Мы опустились слишком низко — вдруг рядом появилась телебашня на Александерплац, самолет был метрах в пятидесяти от верхушки, на которой молча мигал красный огонек. Пригнувшись к окошку, я смотрел на высокий прямой силуэт башни, которую мы теперь медленно огибали, словно Урсуле перед тем, как двигаться в обратный путь, захотелось поставить метку, так что у меня было довольно времени подробно изучить большой серебристый шар, высившийся над огромным передатчиком. Я не знал, работает ли телебашня, но едва мысленно задал себе этот вопрос, Урсула, не предупредив нас с Джоном, внезапно накренила самолет, и тот спикировал в направлении набережной. Двигаясь по широкой падающей кривой, мы чуть не на бреющем полете миновали Дворец Республики, промчались над головами прохожих на площади — те посмотрели нам вслед, — удачно миновали бесстрашных Маркса с Энгельсом на бронзовом постаменте и, закончив этот восьмидесятиградусный вираж, с ускорением пошли набирать высоту, пока не добрались до верха башни, здесь какую-то десятую долю секунды мы любовались застывшими лицами посетителей, к которым приближались со скоростью 250 километров в час, но Урсула успела наклонить самолет, чтобы спланировать вдоль застекленного фасада ресторана, где мы мельком заметили несколько парочек, спокойно пьющих кофе. Теперь я не смотрел наружу, со своего места в хвосте самолета, где не хватало пространства для ног — их пришлось скрючить, голени приклеились к обивке — я глядел то на плечо Урсулы, цигейковый воротник ее летной куртки, то на стрелки высотометра или счетчика оборотов, в бешенстве скачущие по экранам. Джон обернулся посмотреть, как у меня дела и прорычал что-то, чего я не расслышал в свисте мотора и ветра, рывками влетавшего в кабину и относившего в сторону длинные пряди его волос, потом показал мне большой палец, запутавшийся в складках куртки и шарфа — Джон тоже был зажат на своем сиденье — так что жест вышел и восхищенным и неуклюжим. Глаза Джона задумчиво поблескивали, в них читалась смесь невыразимого лукавства и покоя, заглянув в них, когда Джон повернулся, на этот раз чтобы безмолвно поделиться со мной радостью человека, только что удачно избегнувшего катастрофы, я решил — там, в берлинском небе, мне это пришло в голову впервые, — что блеском глаз, равно как и улыбкой, загадочной, державшейся на губах чуть дольше, чем требовалось, уверенной посадкой, лицом, которое сейчас, в тот миг, когда оно было обращено ко мне, приобрело нужное выражение, он напоминал Джоконду.
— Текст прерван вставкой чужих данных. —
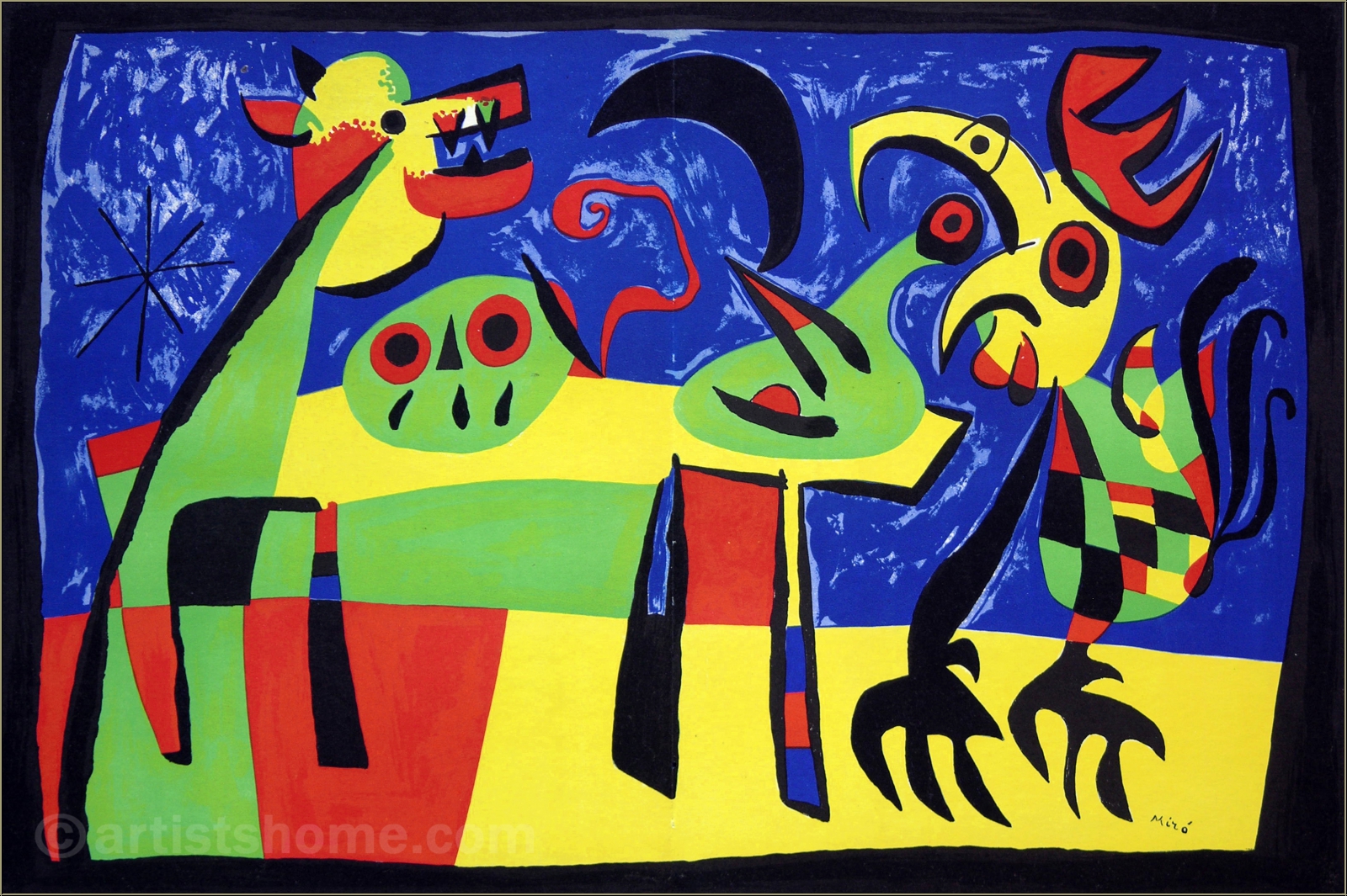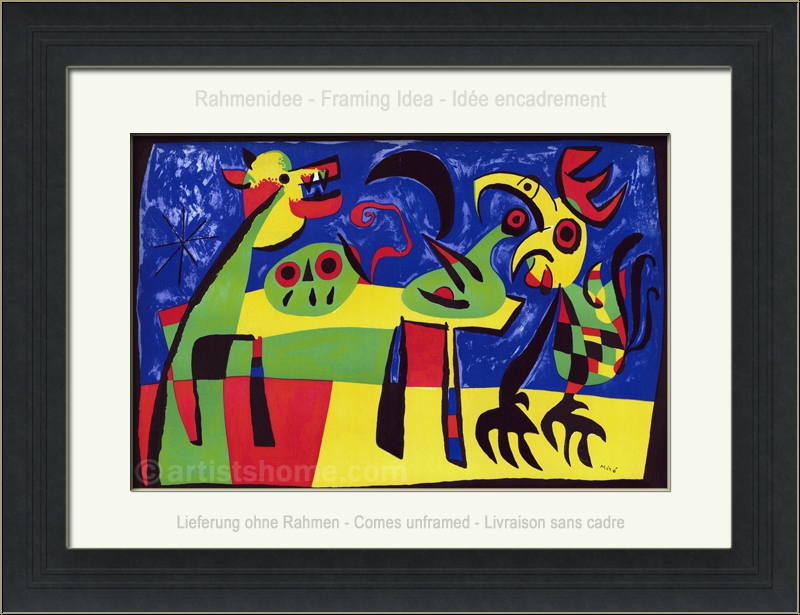Joan Miro lässt uns mit diesem wunderbaren Werk (Französischer Originaltitel: "Le chien aboyant à la lune réveille le coq - Der den Mond anbellende Hund weckt den Hahn") an einer anheimelnden Tischszene mit Hahn, Hund, Kürbis und einer vogelähnlichen Karaffe teilhaben - gäbe es da nicht im Hintergrund des Bildes eine schmollende Mondsichel, die sich ob des Hundegebells bereits schwarz geärgert zu haben scheint. Wie auch immer man dieses mit kubistischen Elementen gearbeitete "Ensemble" interpretieren möchte - man sollte es mit Humor tun. Das Blatt zählt zu den besonders imposanten aus dem druckgrafischen Oeuvre dieses großen Künstlers.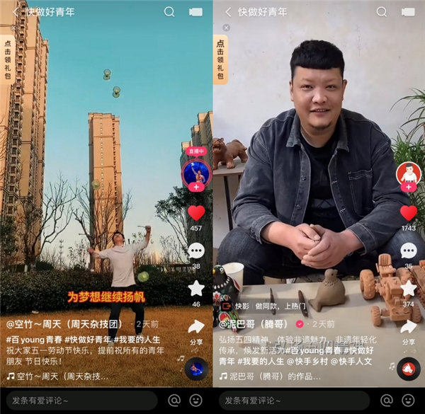 奉獻無聲音,熱愛無止盡。“泥巴哥騰哥”的青春故事與非遺泥塑密不可分,五四精神經由他的巧手與創意,具象為一個個栩栩如生的泥塑作品,而他也通過自身努力讓非遺年輕化傳承再次煥發新活力。青年雜技演員周天則用朝氣蓬勃的空竹表演展現青年姿態,雖然在特殊時期暫時失去舞臺和掌聲,但他選擇繼續通過快手傳遞空竹魅力,“不管身在哪個行業,為了家庭和社會,我們一定要頂住!”
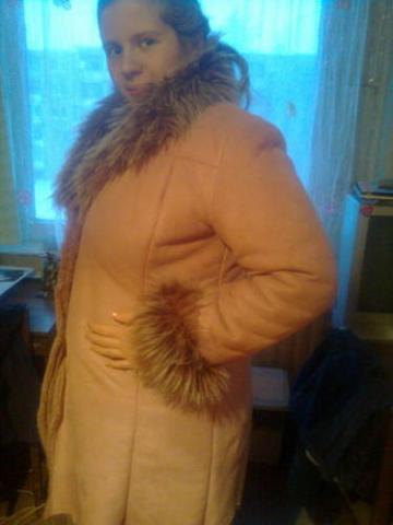 Kailiniai iki kelių, su kailiuku ant rankoviu, susegama sagomis. Dydis XL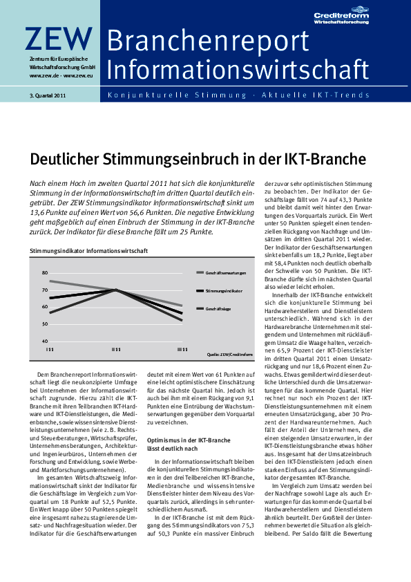 ZEW-Branchenreport Informationswirtschaft // 2011- Deutlicher Stimmungseinbruch in der IKT-Branche

На следующей неделе я решил сходить в музей Далем. Мне долго не удавалось побывать там, между тем я каждый раз с огромным удовольствием бродил по старым деревянным залам, раздумчиво стоял перед картинами или, устремив взгляд на полотно, присаживался на банкетку и давал волю мечтам. Когда-то на банкетке я просто отдыхал, устав ходить, но вскоре вне зависимости от того, насколько бодро я себя чувствовал, стал садиться, находя в этом времяпрепровождении самостоятельную ценность, так что иногда, едва войдя в музей, спешил найти свободную банкетку. Я мог сидеть часами, безмятежно работая над книгой, наслаждаясь одиночеством, почти не отвлекаясь на бесшумную возню служителей. Случалось, я доставал блокнот и вносил туда свои заметки, как делал бы это в какой-нибудь библиотеке или в бассейне (не доставало разве что очков для плавания на лбу). Я вспоминаю чудные часы, которые провел однажды в зале Лувра: там стояла длинная бархатная банкетка, напоминавшая лодку, бросившую якорь среди озерной глади драгоценного паркета. Я, опершись ладонью о потертый бархат, изучал картину Тициана, висящую под самым потолком — «Брак в Кане Галилейской», и вся суматоха, вереницы тех, кто смотрел и кто не посмотрел, толпа туристов, жаждущих сфотографироваться с пирующими, остались где-то за спиной.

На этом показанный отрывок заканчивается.